“I just need a regular cleaning.” It’s one of the most common things patients say when their dentist recommends a deep cleaning — and it’s completely understandable. If your teeth don’t hurt and nothing feels wrong, why would you need an intensive, more expensive procedure?
Here’s what changes everything: a regular cleaning (prophylaxis) and a deep cleaning (scaling and root planing) treat different diseases. They aren’t interchangeable the way a basic car wash and a premium one are. Substituting one for the other doesn’t treat what’s actually there.
Prophylaxis: The Routine Cleaning
“Prophylaxis” means disease prevention. This cleaning is for patients with healthy gums or stable gingivitis — no bone loss, pocket depths of 1–3mm, and no active infection below the gumline.
What happens during a prophylaxis:
- Removal of plaque and calculus (hardened tartar) from visible tooth surfaces and slightly into the gingival sulcus — about 1mm below the gumline
- Polishing to remove light surface stains and smooth tooth surfaces
- Flossing and final irrigation
The key: prophylaxis cleans above the gumline. The hygienist works in the accessible, healthy sulcus — not in diseased pockets extending 4, 5, or 6mm below.
Who needs it: Patients with a healthy periodontium, no history of periodontitis, and pocket depths probing at 1–3mm.
Frequency: Every 6 months for most healthy adults. ADA data supports this interval for maintaining gingival health in low-risk patients; some evidence points to 3–4 months for higher-risk patients even without active disease.

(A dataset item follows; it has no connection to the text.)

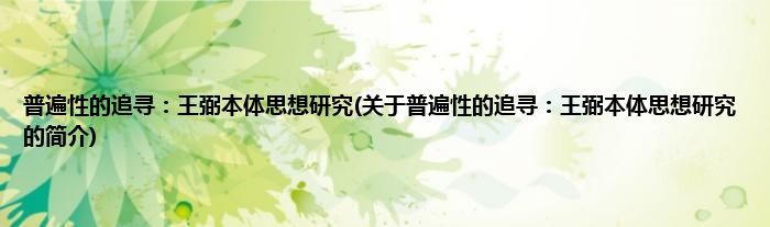 大家好,普遍性的追寻:王弼本体思想研究,关于普遍性的追寻:王弼本体思想研究的简介很多人还不知道,现在让我们一起来看看吧!

Cost: $75–$200 per visit without insurance. Most dental insurance covers prophylaxis at 100% twice yearly.
Gross Debridement: The Heavy-Buildup Appointment
Gross debridement is a distinct procedure for patients who haven’t seen a dentist in years and have heavy calculus deposits — so heavy that the dentist can’t properly examine or probe the teeth without first clearing the buildup.
It’s not a substitute for prophylaxis or deep cleaning. It’s a prerequisite: remove the bulk calculus, then assess what’s underneath and determine what the patient actually needs.

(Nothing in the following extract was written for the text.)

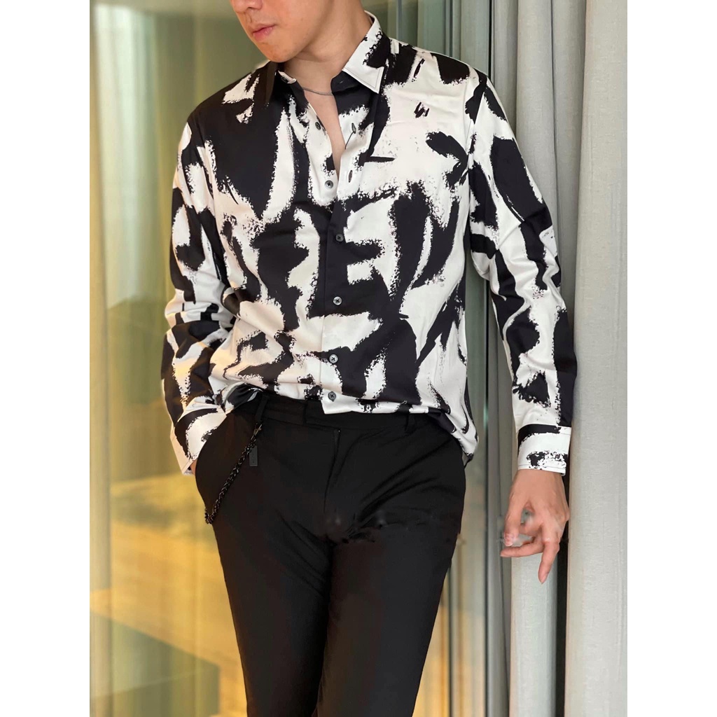 Áo sơ mi nam dài tay phối loang đen trắng vải lụa

Cost: $75–$150. Usually done once. After gross debridement, most patients need either a prophylaxis or, if periodontitis is found once the gums can be properly examined, a deep cleaning.
Insurance coverage for gross debridement is inconsistent — some plans cover it, others require a prophylaxis code instead.
Scaling and Root Planing: The Deep Cleaning
Scaling and root planing (SRP) is the treatment for periodontitis — where bacterial infection has caused irreversible bone and attachment loss. It’s not a more thorough regular cleaning. It’s a medical procedure targeting a specific disease process.
What happens during SRP:
- Local anesthesia is administered (the procedure accesses areas below the gumline where tissue is inflamed and sensitive)
- The hygienist uses ultrasonic scalers and hand instruments to remove calculus from root surfaces deep in the periodontal pockets
- Root planing smooths root surfaces to remove bacterial toxins embedded in the cementum and create a cleaner surface for gum reattachment
- The process is methodical and thorough — calculus in a 6mm pocket simply isn’t reachable in a standard prophylaxis
Who needs it: Patients with periodontitis — diagnosed by probing depths of 4mm or more with bleeding on probing and radiographic bone loss. The diagnosis requires a full periodontal probing, not just a visual exam.
How it’s typically done: Usually split into two appointments — one side of the mouth per visit — because the procedure takes time, requires anesthesia, and patients shouldn’t have the entire mouth numb at once.
What to expect afterward: Some soreness and sensitivity for 1–2 weeks as tissues heal. Your gums may look like they’ve “receded” once swelling resolves — the tissue isn’t actually receding, it’s returning to its healthy, non-inflamed height. Follow-up probing at 4–6 weeks assesses how well the treatment worked.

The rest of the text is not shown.